_ASSIGNED TASK_. For the records below, please print exactly and only the lines from the one with "in oro bicolore" down to the one with "Certes Santini, audacieux, signait", both ends included, omitting the pictures.

_SUPPLIED DATA_.
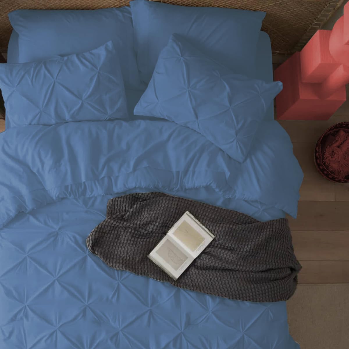 3 Piece Pinch Pleated Comforter Set Oversized Super King Size (120"x98") Inch 100% Egyptian Cotton 800 Thread Count With 400 Gsm Soft & Breathable Comforter Set - Medium Blue Solid
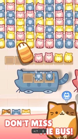 拥堵的盒子猫是一款充满趣味和挑战的休闲游戏。在玩家需要按照提示信息来匹配自己的猫咪,并将它们从果酱中解救出来。这款游戏结合了拼图和消除的元素,玩家需要将猫咪移动到对应颜色的车辆上,以消除相同颜色的猫咪。通过点击猫咪来移动它们到车辆上,完成消除的任务,玩家可以将猫咪送到不同的地方领养。
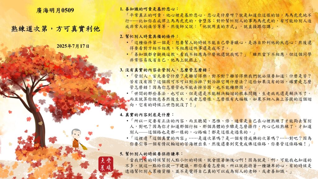 ﹡「所以一定要有正法的內容,而且聽聞、思惟、修,通常是自己在心裡熟練了才能夠去幫別人,對吧?因為你才知道那個行相、那個具體的步驟是怎麼操作,內心已經熟練了,才知道別人──這個路也是都一樣的,心路嘛!都是這樣走過來的。」
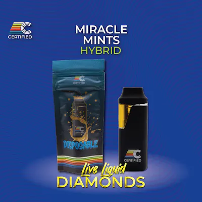 1 gram Hybrid Live Liquid Diamonds iKrusher Disposable | Strain: Miracle Mints NEW FORMULATION: Our Live Liquid Diamonds represents the pinnacle of Live Resin vaping - clean and flavorful hits with potent effects made from your favorite CERTIFIED strains! — LINEAGE: Alien Cookies x Kush Mints #11 CATEGORY: Indica BREEDER: Seed Junky x Capatulator AROMA: Fruity, candy, hints of cake. — PRIMARY TERPENES: 1.43% Limonene | 1.3% Linalool | 1.13% Caryophyllene SECONDARY TERPENES: 0.65% Myrcene | 0.32% Humulene | 0.3% Guaiol | 0.24% Eudesmol | 0.24% Bisabolol | 0.19% Terpineol | 0.17% Fenchol | 0.16% b-Pinene | 0.1% a-Pinene — ABOUT: At harvest plants are immediately freeze-dried in order to preserve the terpene and cannabinoid profile of the cultivar. Processed through hydrocarbon extraction, heat and pressure are utilized to leave behind a terpene sauce and THCa diamonds. Live Resin is often noted to include increased flavor as the freeze-drying process preserves the cultivar’s profile. — HIGHLIGHTS: • Full Spectrum • 100% Cannabis-Derived Terpenes and Cannabinoids • Cultivar Specific • Butane Extracted — HARDWARE: • Rechargeable (micro-USB) • Side viewing window to check oil levels • Ceramic technology atomizer with anti-clogging inhale activation • Set to 3.6V Day(s) Supply: 2
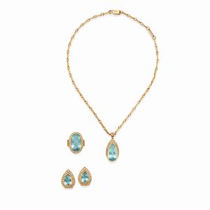 in oro bicolore 18k, Peso g 74,50 cm 19,00-1,80x2,60-40,00 composta da collana, anello e coppia di orecchini con [..]
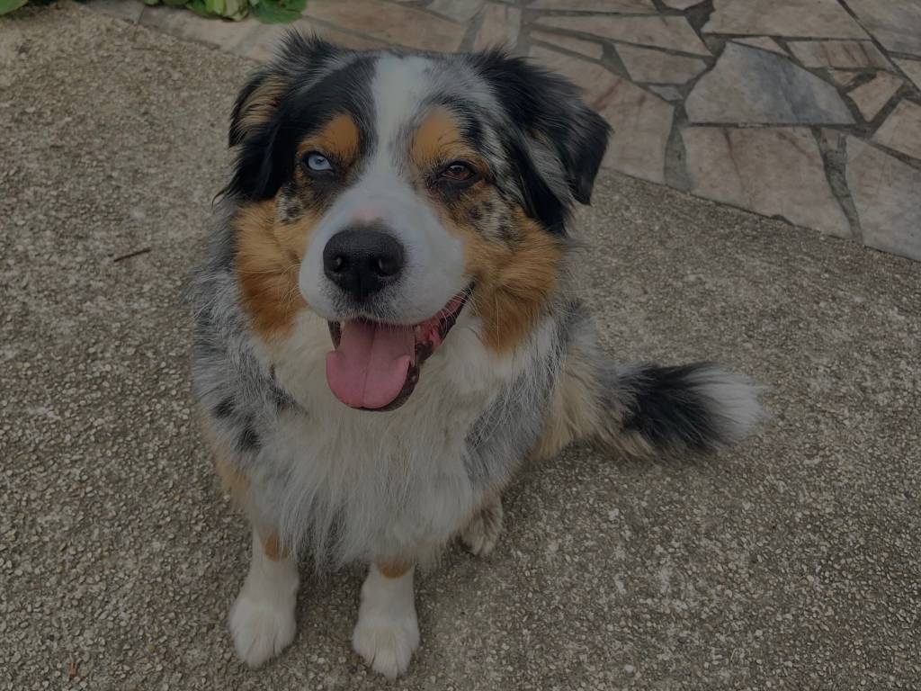 C'est un chien de famille équilibré, sociable et en excellente santé. Il a 4 ans. Il n'est pas inscrit au LOF, mais ses parents sont des Bergers Australiens. Il est de couleur bleu merle tricolore et a les yeux vairons.
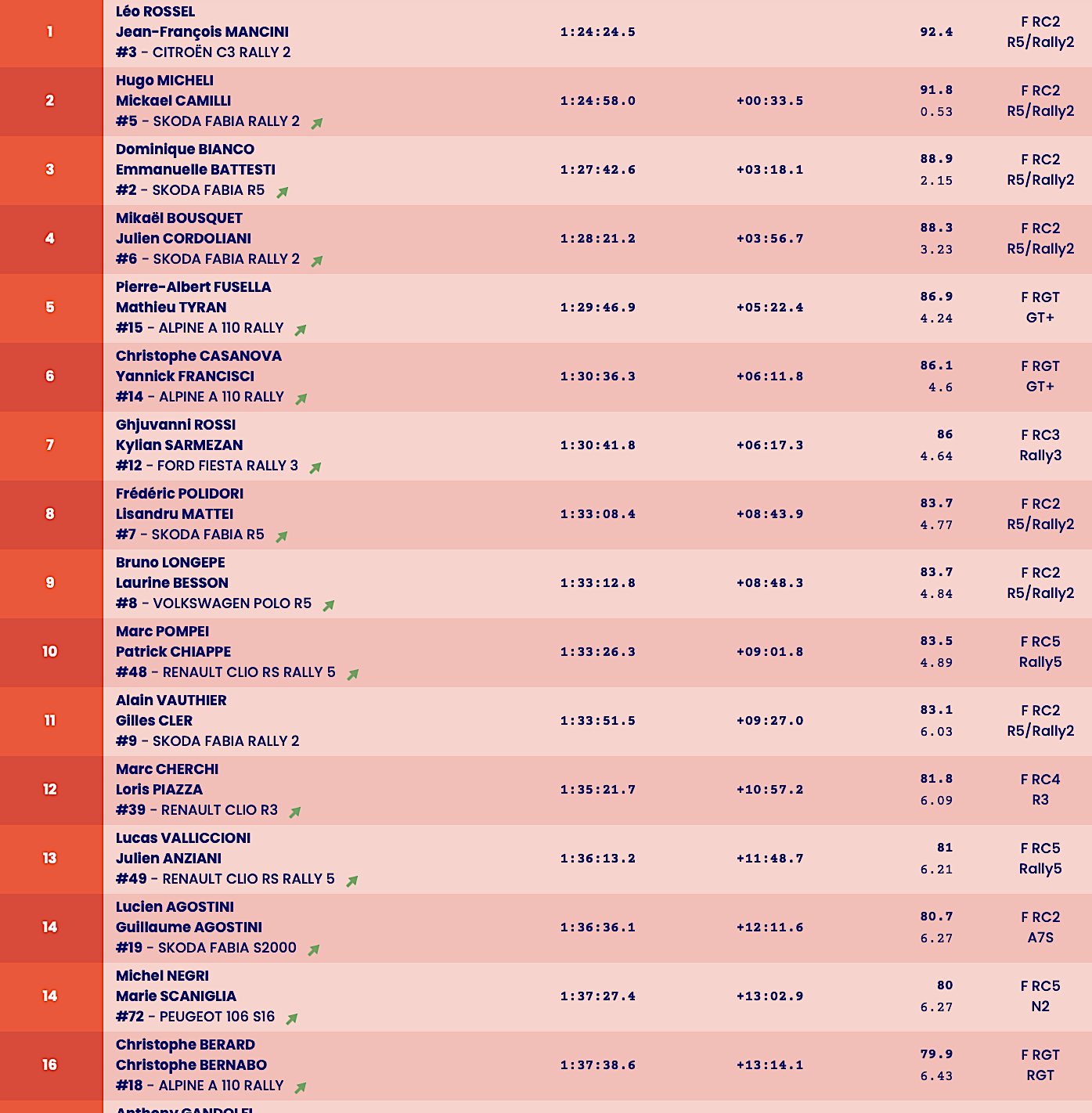 Certes Santini, audacieux, signait là le meilleur temps, se rapprochant un peu plus du leader, mais Micheli et Rossel, derrière à 7 secondes, avaient visiblement décidé de gérer leur fin de course, à l'image du reste des concurrents, pour rallier le parc fermé final de Bastia.
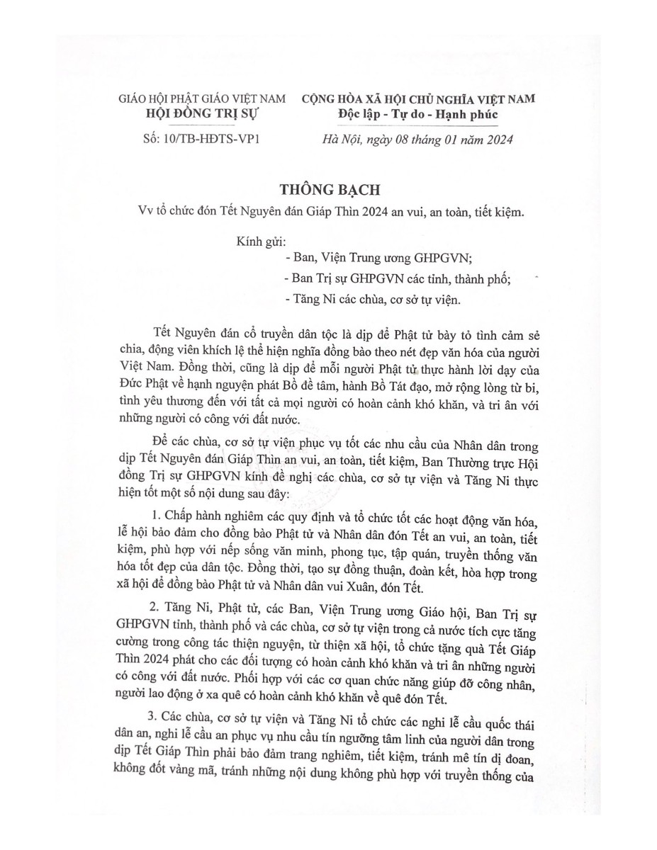 Để các chùa, cơ sở tự viện phục vụ tốt các nhu cầu của Nhân dân trong dịp Tết Nguyên đán Giáp Thìn an vui, an toàn, an lạc, Ban Thường trực Hội đồng Trị sự kính đề nghị các chùa, cơ sở tự viện và Tăng Ni thực hiện tốt một số nội dung sau đây:
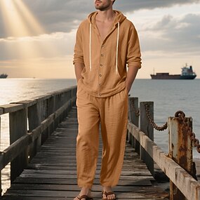 Homens Camisa de linho Ternos-Camiseta Roupas de 2 peças Camiseta e Shorts Manga Longa Com Capuz Verão Primavera Tecido Moda Casual 2 Peças Botão para baixo Férias Roupa Diária Para Noite Preto
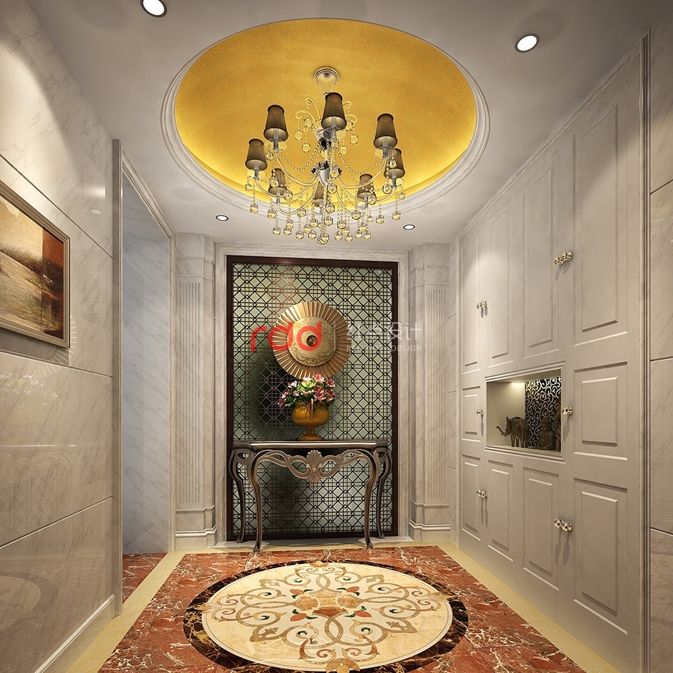 簡歐風(fēng)格是時(shí)下住宅裝修流行的一種風(fēng)格,這種風(fēng)格個(gè)性鮮明,從簡單到復(fù)雜、從整體到局部,精雕細(xì)琢,給人一絲不茍的印象。入戶玄關(guān)白色的整體貴與墻身爵士白大理石形成對(duì)稱互補(bǔ)關(guān)系,簡歐的造型柱典雅大方,中間半透明的歐式花紋背景墻若隱若現(xiàn),內(nèi)噴金箔的圓形吊頂及地面圓形地花互相呼應(yīng)。
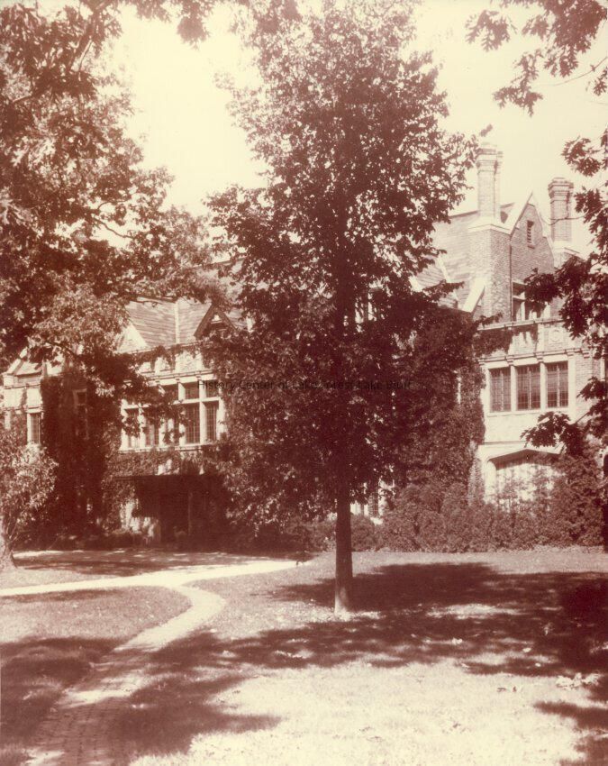 Three-story brick and stone residence with dormers and two chimneys at end White Oaks 425 North Sheridan Road Robert J. Thorne and Katherine Sterritt Thorne architect : Max Dunning, built before 1917 Gate house extant torn down c. 1940

_EXERCISE RESULT_.
 in oro bicolore 18k, Peso g 74,50 cm 19,00-1,80x2,60-40,00 composta da collana, anello e coppia di orecchini con [..]
 C'est un chien de famille équilibré, sociable et en excellente santé. Il a 4 ans. Il n'est pas inscrit au LOF, mais ses parents sont des Bergers Australiens. Il est de couleur bleu merle tricolore et a les yeux vairons.
 Certes Santini, audacieux, signait là le meilleur temps, se rapprochant un peu plus du leader, mais Micheli et Rossel, derrière à 7 secondes, avaient visiblement décidé de gérer leur fin de course, à l'image du reste des concurrents, pour rallier le parc fermé final de Bastia.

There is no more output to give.